>>>

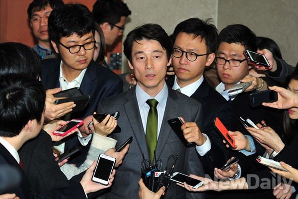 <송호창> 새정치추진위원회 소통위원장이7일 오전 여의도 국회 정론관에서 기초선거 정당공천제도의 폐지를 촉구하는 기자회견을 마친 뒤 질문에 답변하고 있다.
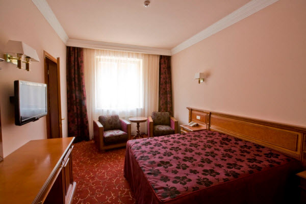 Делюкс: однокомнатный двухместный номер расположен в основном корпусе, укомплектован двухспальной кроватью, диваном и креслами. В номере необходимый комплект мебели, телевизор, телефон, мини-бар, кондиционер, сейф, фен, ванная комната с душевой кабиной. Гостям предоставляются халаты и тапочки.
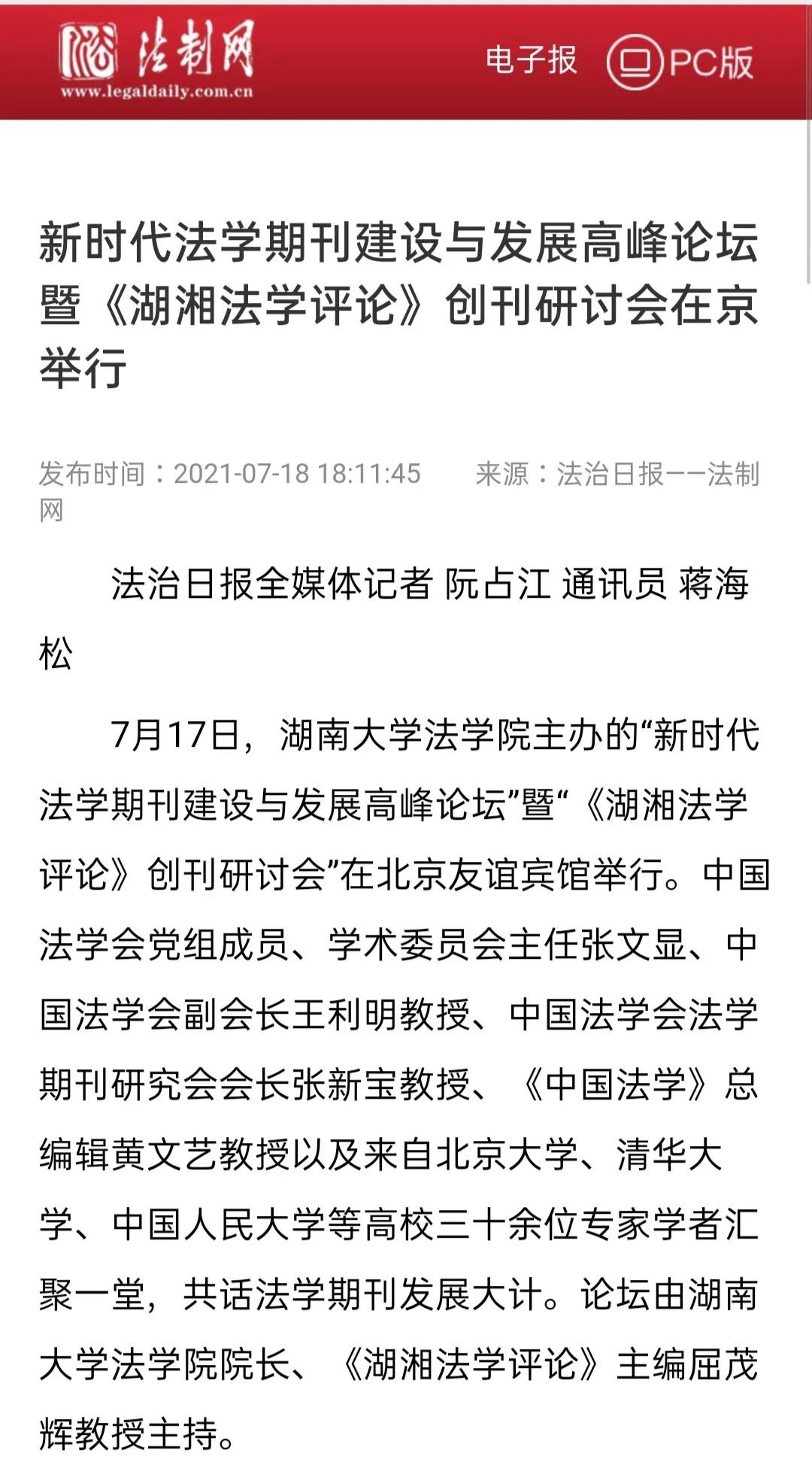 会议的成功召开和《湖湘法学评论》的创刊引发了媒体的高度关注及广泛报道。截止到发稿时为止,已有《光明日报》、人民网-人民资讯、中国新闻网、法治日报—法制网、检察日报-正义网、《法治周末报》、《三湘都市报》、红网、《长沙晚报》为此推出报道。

<<<

*ASSIGNMENT*
In the listing, find the line containing "Делюкс: однокомнатный двухместный" and repeat it and every later line through the last one, word for word, excluding the pictures.

*YOUR RESPONSE*
 Делюкс: однокомнатный двухместный номер расположен в основном корпусе, укомплектован двухспальной кроватью, диваном и креслами. В номере необходимый комплект мебели, телевизор, телефон, мини-бар, кондиционер, сейф, фен, ванная комната с душевой кабиной. Гостям предоставляются халаты и тапочки.
 会议的成功召开和《湖湘法学评论》的创刊引发了媒体的高度关注及广泛报道。截止到发稿时为止,已有《光明日报》、人民网-人民资讯、中国新闻网、法治日报—法制网、检察日报-正义网、《法治周末报》、《三湘都市报》、红网、《长沙晚报》为此推出报道。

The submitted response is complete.